DocketNumber: No. 26943.
Citation Numbers: 103 So. 101, 157 La. 776
Judges: Land
Filed Date: 2/2/1925
Status: Precedential
Modified Date: 10/19/2024
After the death of his wife in the year 1918, relator placed his three minor children in the custody of respondent, their maternal grandmother. During the years 1921, 1922, and 1923, informations were filed against relator in the juvenile court of the parish of Orleans, charging him with desertion and nonsupport of his children. Orders were rendered in each of these cases condemning relator to pay a weekly alimony for the support of these children, and declaring that they should remain under the control of respondent.

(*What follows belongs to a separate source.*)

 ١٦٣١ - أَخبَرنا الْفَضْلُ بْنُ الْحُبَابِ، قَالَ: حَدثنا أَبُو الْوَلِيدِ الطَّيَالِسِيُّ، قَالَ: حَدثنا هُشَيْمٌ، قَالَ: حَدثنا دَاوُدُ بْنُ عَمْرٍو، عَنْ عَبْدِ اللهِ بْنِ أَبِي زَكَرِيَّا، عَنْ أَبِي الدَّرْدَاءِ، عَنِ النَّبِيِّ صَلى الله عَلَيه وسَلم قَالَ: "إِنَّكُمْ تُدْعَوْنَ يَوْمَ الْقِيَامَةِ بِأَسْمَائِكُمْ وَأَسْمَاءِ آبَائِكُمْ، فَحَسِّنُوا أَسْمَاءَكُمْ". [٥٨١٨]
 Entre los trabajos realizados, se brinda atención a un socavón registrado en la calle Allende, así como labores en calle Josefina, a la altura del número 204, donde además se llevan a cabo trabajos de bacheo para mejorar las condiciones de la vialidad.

In the year 1923, relator remarried. Alleging his ability to care for his children and his moral fitness, relator instituted on September 25, 1924, the present habeas corpus proceeding in the civil district court of the parish of Orleans against respondent, to enforce his right as father to the custody of the children. Respondent filed an exception to the jurisdiction of that court, based upon the orders rendered in the former prosecutions against relator in the juvenile court of said parish, the contention of respondent being that such orders are final judgments, awarding her the custody and control of the children.
This court has repeatedly recognized the paramount right of the father to the custody of his minor children, unless it is proven that he is disqualified by unfitness to have such care and control, and this right of the father, in controversies between the spouses, among themselves, or with third persons, has been uniformly enforced through writ of habeas corpus issued by the district courts of the state. The jurisdiction of district courts *Page 779
in such cases cannot, therefore, be seriously questioned, unless there is some conflict with the jurisdiction of a juvenile court. State ex rel. Shutt v. Shutt,
The proceeding in a district court by a father to enforce his right to the care, custody, and control of his minor children, through a writ of habeas corpus, is purely a civil proceeding between private individuals, to which the state is a party only in a nominal sense.

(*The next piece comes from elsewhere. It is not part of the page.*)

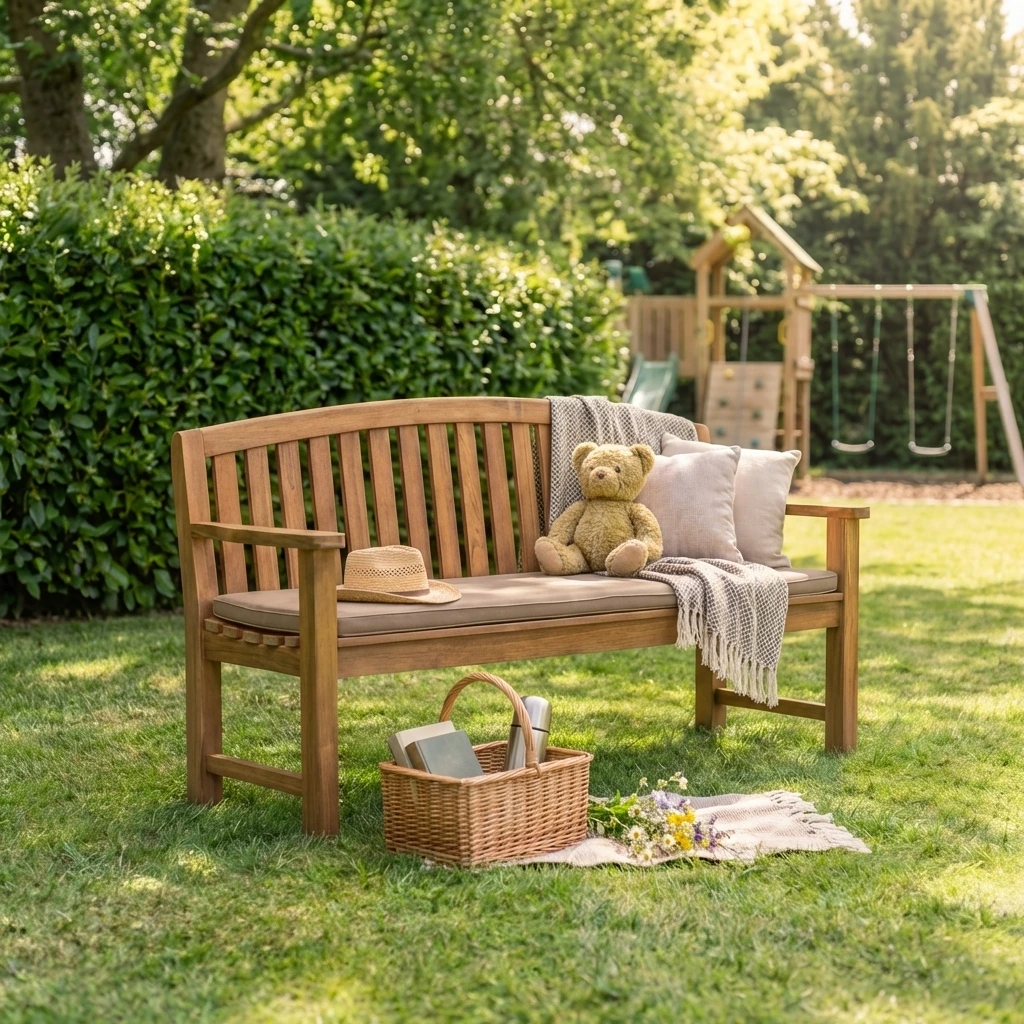 Certified Teak Outdoor Garden Bench with Curved Back DesignIn stock

Where the state, however, initiates a proceeding in a juvenile court by affidavit charging the juvenile with being a delinquent or neglected child, or by information charging a parent with contributing to the neglect of such child, the proceeding partakes of a quasi criminal character, with the state as the actual complainant. In such cases, the jurisdiction of a juvenile court is made exclusive by the present Constitution. Section 52, art. 7, Const. 1921.

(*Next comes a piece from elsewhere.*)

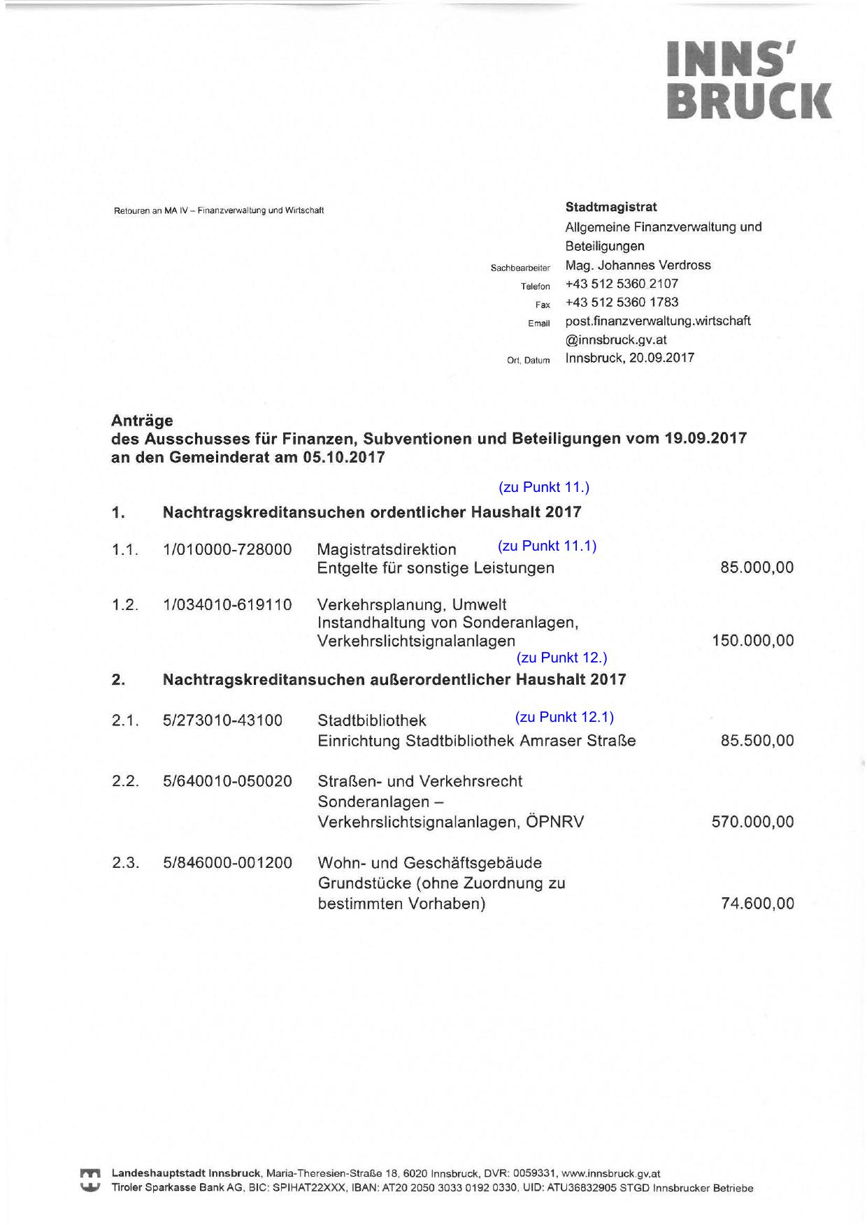 Nachtragskreditansuchen außerordentlicher Haushalt 2017

It has been held therefore by this court that the decision of a juvenile court, vested with jurisdiction to determine when a child answers to the description of a neglected child, cannot be challenged except in a direct action brought for that purpose, or in some appellate tribunal, and hence cannot be inquired into in the district court. Brana v. Brana,
The record discloses that no proceeding whatever has been brought by the state of Louisiana in the juvenile court of the parish of Orleans to have the minor children of relator declared to be neglected or delinquent children, or to remove these children from the custody of relator as their father for any alleged neglect. *Page 780
The proceedings instituted by the state in that court have been prosecutions solely against relator, by informations filed under Act 34 of 1902, charging him with desertion and nonsupport of his minor children, while in necessitous and destitute circumstances. The offenses charged against relator are cognizable in the juvenile court of the parish of Orleans solely for the reason that the Constitution has vested that court with jurisdiction "in all cases of desertion or nonsupport of children by either parent."
These informations, however, do not clothe the juvenile court of the parish of Orleans with jurisdiction over the minor children of relator, as these proceedings have not been filed by the state against these children and do not charge that these children are juveniles, 17 years of age or under, and are neglected or delinquent children. The juvenile court of the parish of Orleans being a court of limited jurisdiction, the facts necessary to confer jurisdiction upon said court as to the children of relator as juveniles must be set forth in the affidavit or information.
The mere charging of a parent or other person with an offense in respect to any child may be sufficient to vest the juvenile court of the parish of Orleans with jurisdiction to try such parent or other person. State v. Rose,
The informations filed against relator *Page 781 in these cases merely follow the language of Act 34 of 1902, in declaring that the minor children of relator are in necessitous and destitute circumstances. As the juvenile court for the parish of Orleans has jurisdiction over minor children only when they are neglected or delinquent children 17 years of age or under, the mere allegation in such informations that these children are minor children in necessitous and destitute circumstances, does not confer jurisdiction upon the juvenile court of the parish of Orleans to award the custody of those children to any one. A minor child may be over the age of 17 years, and for this very reason could not be a juvenile subject to the jurisdiction of said court.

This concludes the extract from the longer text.